IF 9.1 2区 医学 Q1 Medicine Pub Date : 2022-12-01 Epub Date: 2022-01-22 DOI: 10.1007/s12016-021-08917-7
Xin Huang, Qing Zhang, Huilin Zhang, Qianjin Lu

Systemic lupus erythematosus (SLE) is a complicated autoimmune disease with female susceptibility. It is characterized by over-activation of the immune system and deposit of autoimmune complex in multiple organs. High heterogeneity, unpredictable disease course of SLE as well as the lack of specific and sensitive biomarkers posed diagnostic challenges to clinicians. Despite the complicated clinical presentation and pathogenesis of SLE, research regarding this disease has made many significant breakthroughs over the past decades. Some new learning can potentially be translated into clinical practice. In addition, new classification criteria to increase diagnostic accuracy were defined in 2019 by the European League Against Rheumatism/American College of Rheumatology (EULAR/ACR). Real-world studies have accumulated evidence for the adoption of this new classification criteria. Abundant classification criteria, improved recognition of organ-specific manifestations, and updated knowledge about lupus autoantibodies enable earlier diagnosis and more personalized medicine. Thus, it is important to update our knowledge about the latest clinical practices for lupus diagnosis. This review provides new insight into the diagnosis of SLE by summarizing recent advances in epidemiology, etiology, classification criteria, clinical manifestations, and study of autoantibodies.

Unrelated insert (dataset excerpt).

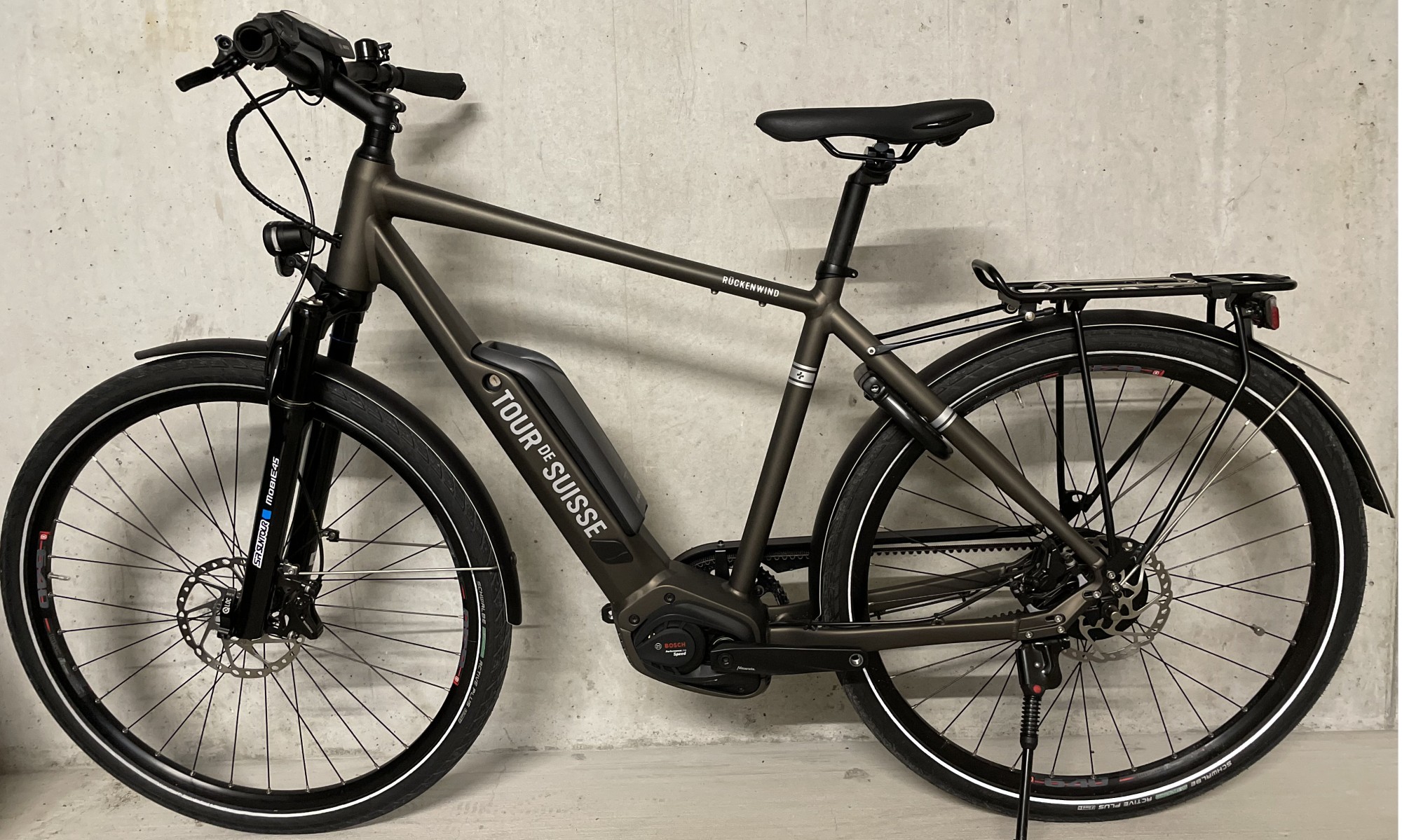Elektrovelo Tour-de-Suisse Rückenwind 45km/h, Bosch Motor, Herren 53cm, quarzgrau matt, (statt 5499.-, 190 km)

系统性红斑狼疮(SLE)是一种复杂的自身免疫性疾病,女性易感。其特点是免疫系统过度激活,自身免疫复合物在多器官沉积。SLE的高异质性、不可预测的病程以及缺乏特异性和敏感性的生物标志物给临床医生带来了诊断挑战。尽管SLE的临床表现和发病机制复杂,但在过去的几十年里,对该病的研究取得了许多重大突破。一些新的知识可以潜在地转化为临床实践。此外,欧洲抗风湿病联盟/美国风湿病学会(EULAR/ACR)在2019年定义了新的分类标准,以提高诊断准确性。现实世界的研究已经为采用这一新的分类标准积累了证据。丰富的分类标准,提高了对器官特异性表现的认识,以及更新了对狼疮自身抗体的认识,使狼疮的早期诊断和更个性化的治疗成为可能。因此,更新我们关于狼疮诊断的最新临床实践的知识是很重要的。本文综述了近年来在流行病学、病因学、分类标准、临床表现和自身抗体研究方面的进展,为SLE的诊断提供了新的见解。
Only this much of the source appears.